Panik atak, panik bozukluğuna neden dönüşür?
Panik atak ve devamında panik bozukluğunun nedenleri araştırıldığında, genetik geçişlerin ve aile içi ilişkilerin, yaşam biçiminin bu sorun üzerinde ciddi etkileri olduğu görülüyor. Örneğin panik sorunu yaşayanların ailelerinde de bu sorunun görülme sıklığı çok yüksek. Bazı hormonların düzeyindeki değişimlerin de bu sorunu tetiklediği görülüyor. Mesela, beyindeki sinir hücreleri arasında ciddi bir iletişim görevi olan serotonin seviyesindeki değişikliklerin de panik bozukluğuna neden olduğu bazı araştırmacılar tarafından ortaya konulmuş. Bunların yanı sıra üst benlik tarafından aşırı bastırılan dürtüler de panik atağın yaşanmasına neden olan etkenler arasında bunuyor. Yine aileden öğrenilen davranış modelleri kişinin hayata yaklaşımını belirlediği için böyle bir atağın gelmesine ve yerleşmesine olanak tanıyor. Bedeninse kimi zaman nedensiz olarak ortaya çıkan kalp çarpıntısı, terleme, bitkinlik gibi bazı belirtileri yanlış yorumlayarak tehlikeli görmesi de panik atağı başlatabiliyor.
Toparlamak gerekirse, panik atak bilişsel süreçleri yok ediyor diyorsunuz. Bunu biraz açar mısınız?
Yaşanan olaylar sırasında, insandaki tüm bilişsel süreçlerin yarattığı beceri, yeti ortadan kalkıyor. Dolayısıyla insan kendini denetleyecek, o andaki bu tedirgin edici fiziksel ve ruhsal belirtileri bastırabilecek, engelleyebilecek, erteleyebilecek ruhsal ve bilişsel hiçbir süreci devreye sokamıyor. Bilişsel süreçlerde tam bir çalışamama durumu yaşanıyor.

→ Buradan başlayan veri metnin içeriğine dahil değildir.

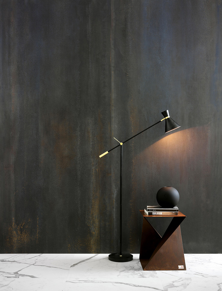 The oxidised metal effect, in particular, offers unique, distinctive design with the power to become the focal point of an interior and transform it with an immaculately contemporary look.

Bilişsel süreçten neyi kastediyoruz?, Panik Atak Hakkında
Öğrenilmiş şeylerin yapılamaması durumunu, insanın algısını, dikkatini, belleğini kullanamamasını ve bunların sonucunda da tasarım ve düşüncesini ortaya koyamaması-nı kastediyoruz. Bunlar olmayınca da egemen olan kaygının yarattığı olumsuz duygular ortada kalıyor. Çünkü kaygının temelinde daima ileride kötü bir şey olacak, olumsuzluk yaşanacak, beklenilmeyen, umulmayan bir şey olacak durumu var. Bu kötü şey yaşanacak duygusunda ise evrensel ölüm korkusunun ortaya çıkması durumu var ki, bu bilişsel süreçlerle denetim altına alınamazsa insanda, "yok oluyorum, bitiyorum" duygusunu yaratıyor.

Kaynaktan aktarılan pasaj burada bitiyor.